Birdwatching is a great way to get into nature and learn more about our incredible native wildlife. It's also a fun and simple activity that's good for improving mental wellbeing. Around 450 species of birds call Victoria home, including many rare and endangered species. Whether you’re a seasoned twitcher or brand-new to birding, here are some of the best places for birdwatching in our national parks.

Take a trip to Victoria’s Mallee region and you’ll find ample opportunities for birdwatching. Wyperfeld National Park, Murray-Sunset National Park, Hattah-Kulkyne National Park, Kings Billabong Park and Little Desert National Park are some of the best places to spot birds including bush birds, birds of prey and parrots. The expansive wetlands of Kings Billabong Park and Hattah-Kulkyne National Park are also perfect for spotting a variety of wetland birds. With over 300 species of birds recorded in the region, you’ll be sure to spot something special. Significant species include the Regent Parrot, Malleefowl and Black-eared Miner.

If you want to try something new or meet like-minded people, contact a licensed tour operator. They are experts in birdwatching and will make sure you get the most from your session.

A kite perched on a brachBirds of prey

Take a trip to the north-east of the state and explore the historic box-ironbark forests of Chiltern-Mt Pilot National Park. Plenty of short walks perfect for birdwatching await you, along with the chance to spot a Brown Goshawk or Square-tailed Kite among the trees. You might also catch a glimpse of a Barking Owl, Little Eagle, Black-shouldered Kite or Wedge-tailed Eagle, so keep your eyes peeled! Visitors to Chiltern-Mt Pilot National Park can also spot bush birds such as Painted Button-quail, Rainbow Bee-eater, Speckled Warbler or parrots including Swift Parrot, Turquoise Parrot, Gang Gang Cockatoo, Australian King Parrot, Red-rumped Parrot, Musk Lorikeet and Purple-crowned Lorikeet.

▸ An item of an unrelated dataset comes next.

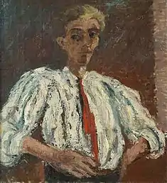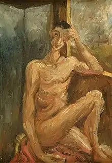An antique dealer introduced him to the portrait painter Edmund Pick-Morino. Pick-Morino found Kibel a patron, a rich banker, and allowed him to draw and paint his models, some of whom were society ladies, wearing masks. He appears to have come into contact with the work of Oskar Kokoschka.[1] However, his impoverished existence soon wore on him and, since he could not travel to Paris without papers, he was persuaded by Pick-Morino to go to Palestine.[2]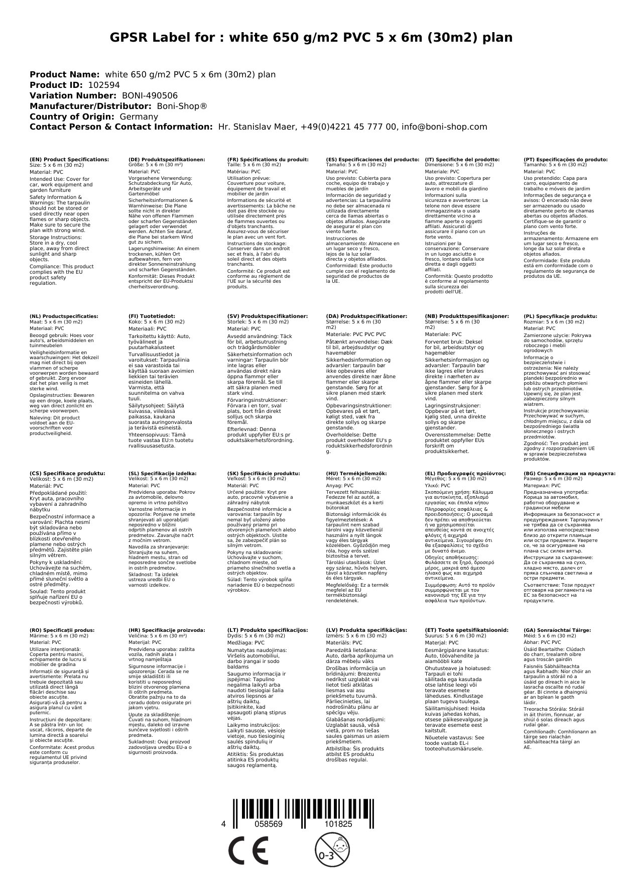 Tarpaulin uiscedhíonach, Clúdach PVC 650g, 5x6m (30m²), Tarpaulin bán

More places to visit for birds of prey:

A yellow-breasted robin on a brandBush birds

Just over an hour’s drive from Melbourne, Brisbane Ranges National Park is one of the state’s richest wildflower habitats and a haven for nectar-drinking bush birds. Watch for the striking figure of the Yellow-tufted Honeyeater and keep an eye out for the flash of vivid red adorning the breast of the Scarlet Robin. You might also see White-throated Nightjar, Striated Pardalote, New Holland Honeyeater, Grey Shrike-thrush, Red-browed Finch, Eastern Yellow Robin or Common Bronzewing. This is one of the best places in the state to spot the elusive Spotted Quail-thrush.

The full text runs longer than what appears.